→ DIRECTIONS FOR THIS TASK
Leave every picture out and return the rest of the listing verbatim.

→ GIVEN INFORMATION

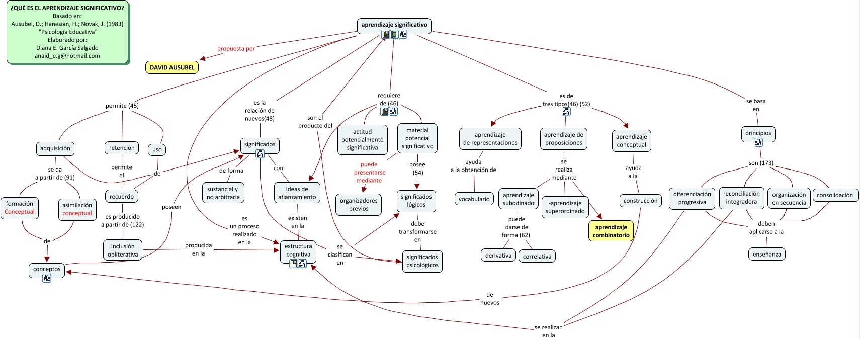 Este Cmap, tiene información relacionada con: APRENDIZAJE SIGNIFICATIVO
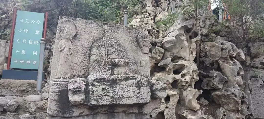院内西侧有一条长长的碑廊,陈列着唐宋时期的碑刻,被称为“纯阳三绝”之一的涅槃变相碑就在其中。
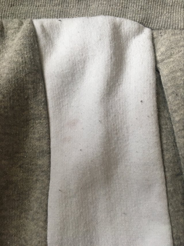 - Defekt: 2 plamki na prawym lampasie, kulkowanie materiału – spodnie noszą ślady użytkowania (zdjęcia w galerii przedmiotu).
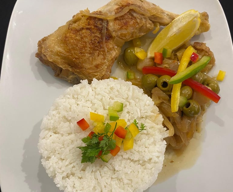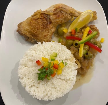 Poulet mijoté, accompagné d’une sauce avec des oignons olives vertes servi avec du riz blanc.

→ TASK RESULT
 Este Cmap, tiene información relacionada con: APRENDIZAJE SIGNIFICATIVO
院内西侧有一条长长的碑廊,陈列着唐宋时期的碑刻,被称为“纯阳三绝”之一的涅槃变相碑就在其中。
 - Defekt: 2 plamki na prawym lampasie, kulkowanie materiału – spodnie noszą ślady użytkowania (zdjęcia w galerii przedmiotu).
 Poulet mijoté, accompagné d’une sauce avec des oignons olives vertes servi avec du riz blanc.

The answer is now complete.